Von örtlichen Spöttern ist überliefert, dass sie der Bundeswehr „eine Goldrand-Lösung“vorhielten. Diese bestritt wiederum, überbordende Vorstellungen gehabt zu haben. Aktuell betont das Militär bei Anfragen zur Kostensteigerung und Bauverzögerungen „konjunkturbedingte Risiken“im Baugewerbe. Gemeint sind damit aktuell steigende Preise, Engpässe beim Material und die Knappheit an Arbeitskräften. Ob vielleicht wegen des Abzugs der Brandschutzleute auf „der Burg“einmal mehr umgeplant werden muss, liegt im Unklaren. Dafür steigert sich die Anspannung in der Stadt. Sie würde gerne die Flächen der Jäger- und Grüntenkaserne verwerten, sei es für Wohnbau oder Gewerbeansiedlung. Schon 2014 hatte die Bundeswehr alles freigeben wollen, weil ja in jenem Jahr mit dem Neubezug der Ordensburg gerechnet worden war. Wie beschrieben, sind die Pläne Makulatur geworden.
Die Freigabe der beiden Kasernen und das Sanieren des NaziErbes sind nach wie vor miteinander verknüpft.
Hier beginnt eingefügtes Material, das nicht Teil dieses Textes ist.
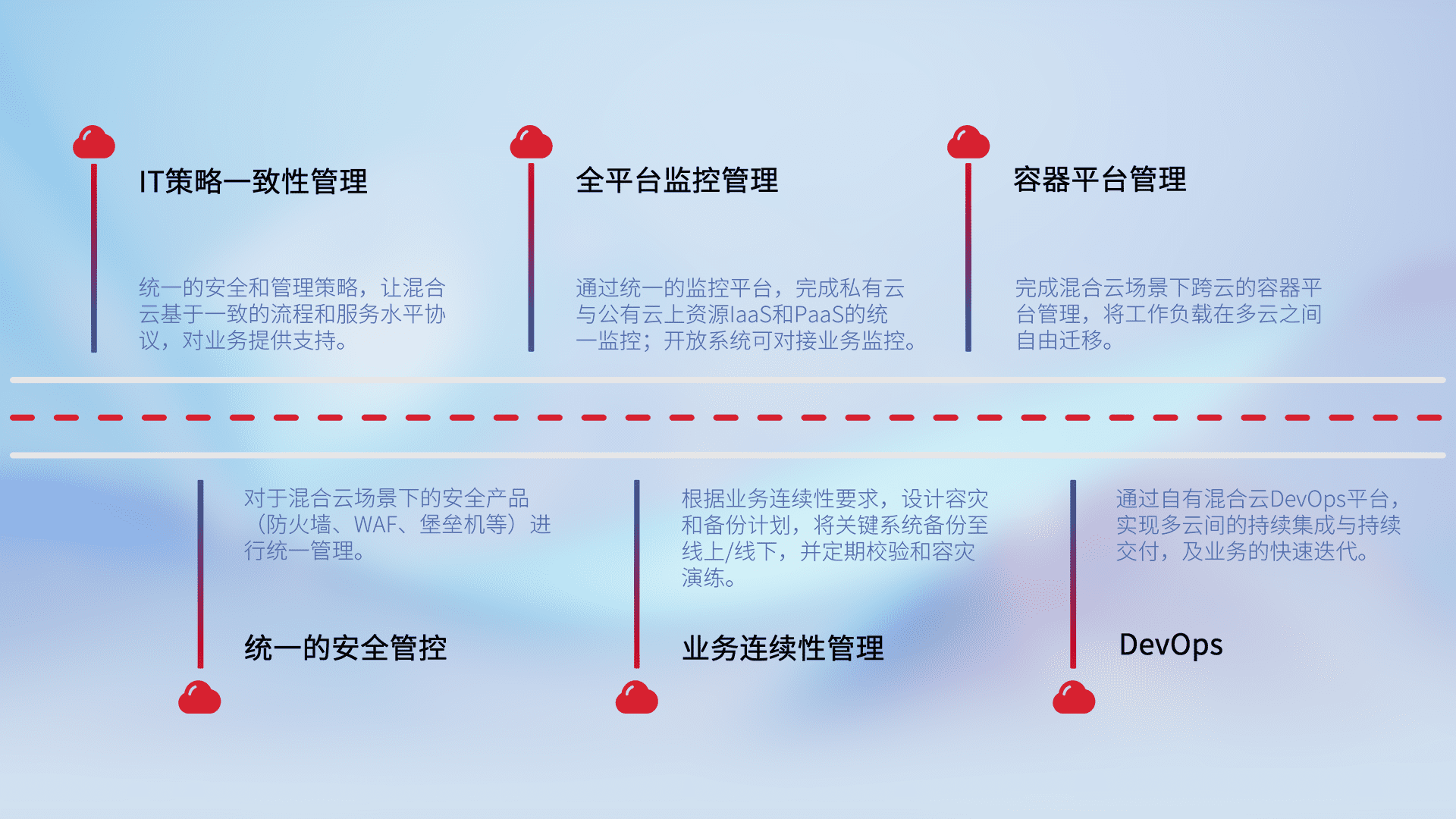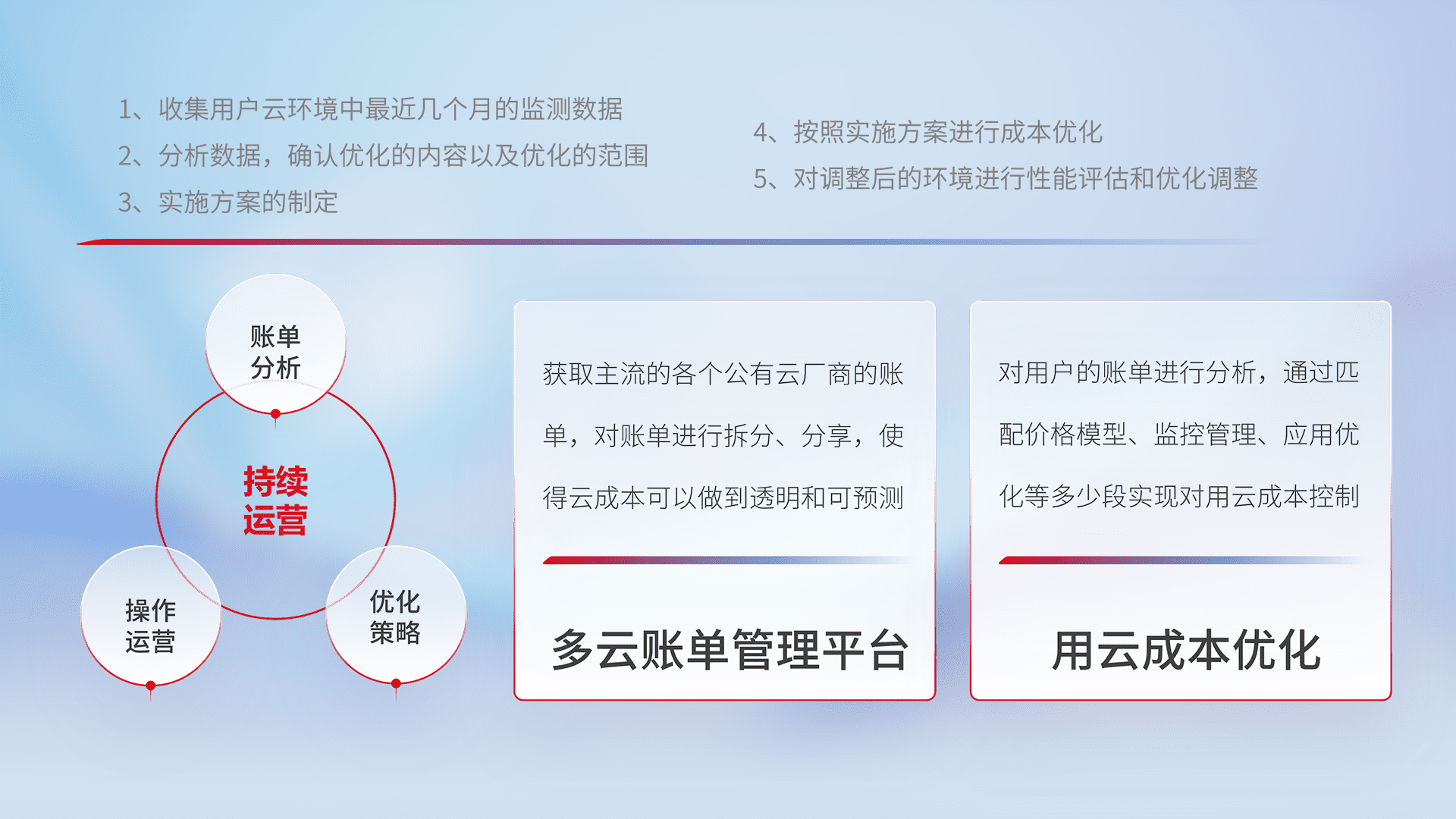 通过多云纳管,,,以统一的资源数据模型把客户的云资源进行抽象和封装,,进而实现对多云资源的统一操作,,,保障云资源管理的可靠性、、、稳定性与可用性。。。。量身定制化运维内容,,,配置、、、、开发运维、、、补丁管理、、、备份、、、、监控、、认证和访问管理、、、审计和日常巡检等,,保障在用云过程中的可靠度,,,,稳定度以及高可用率。。
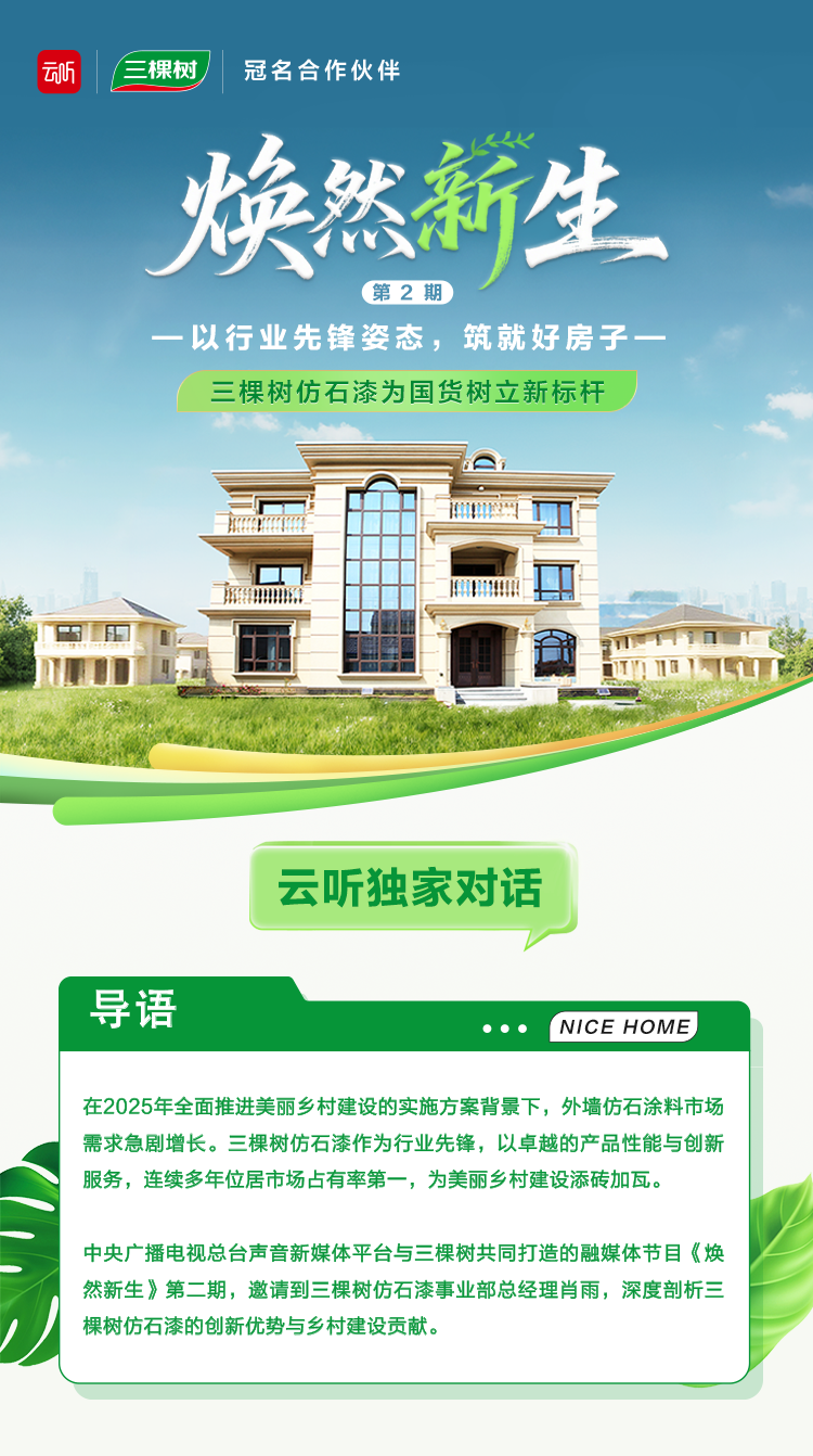6月26日,中央廣播電視總臺聲音新媒體平臺云聽與三棵樹共同打造的融媒體節目《煥然新生》第二期上線。本期節目聚焦三棵樹仿石漆,了解三棵樹仿石漆作為行業先鋒,憑借卓越的產品性能和創新服務,連續多年位居市場占有率第一。 讓我們一起走進云聽《煥然新生》第二期,揭曉三棵樹仿石漆如何憑自身優勢,為建筑外墻美學添磚加瓦!
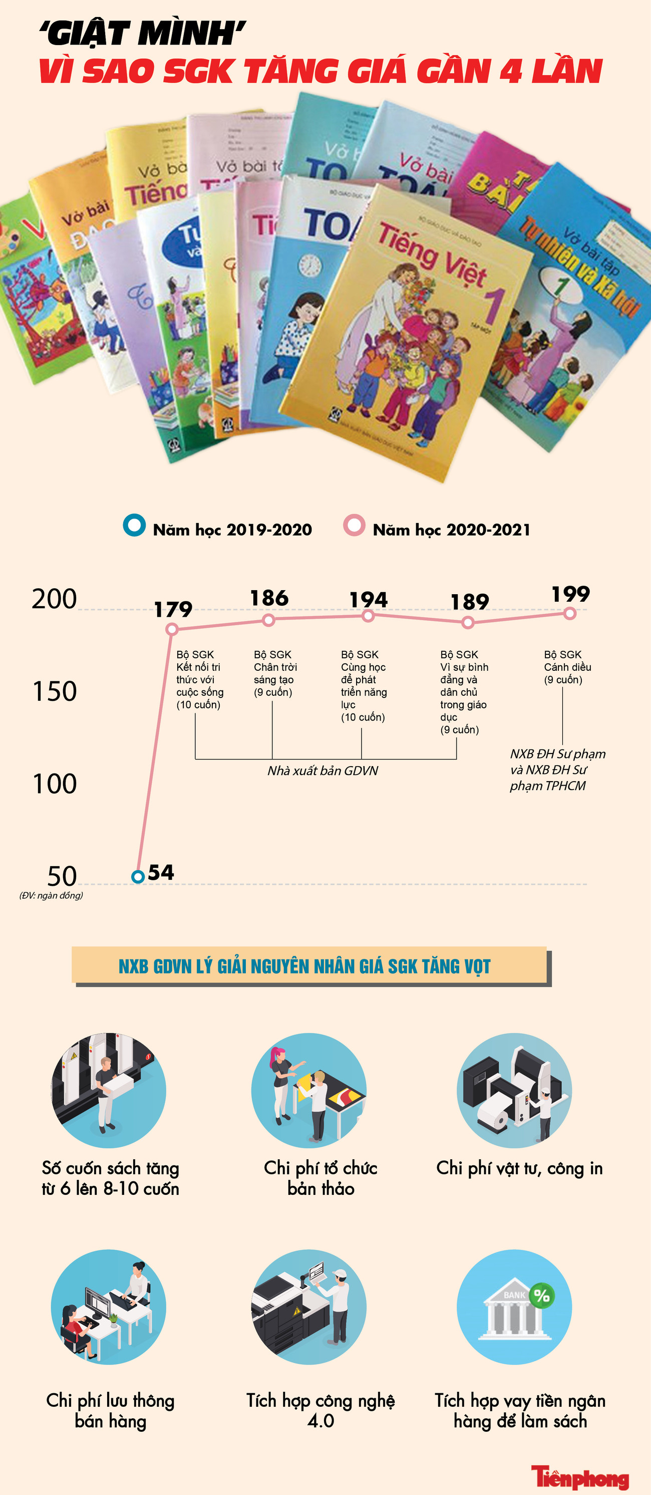 TPO - Giá sách giáo khoa lớp 1 năm tới được các Nhà xuất bản đưa ra tăng chóng mặt, gấp gần 4 lần sách cũ khiến không ít người 'ngã ngửa'.
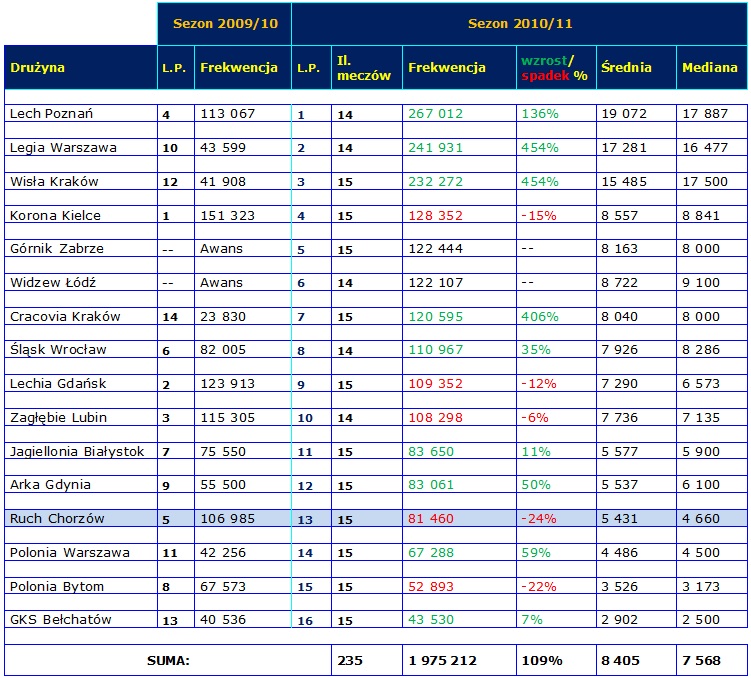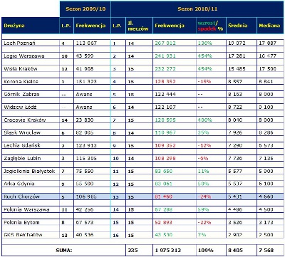 Kliknij, by powiększyćTabela przedstawia frekwencję na meczach Ekstraklasy w sezonach 2009/10 oraz 2010/11 wraz ze średnią oraz medianą. Dane zostały obliczone po zsumowaniu frekwencji podawanych przez Ekstraklasę S.A. po każdej z rozegranych kolejek. Dane procentowe dotyczące wzrostu i spadku frekwencji zostały zaokrąglone.

Weshalb die Stadt Sonthofen mit ihren Plänen in der Luft hängt. Bürgermeister Wilhelm will jedoch keine weitere Missstimmung aufkommen lassen. Er betont, Sonthofen sei weiterhin „positiv gegenüber der Bundeswehr eingestellt“. Offen bleibt, ob der Kommunalpolitiker damit vielleicht auch nur die örtlichen Soldaten meint.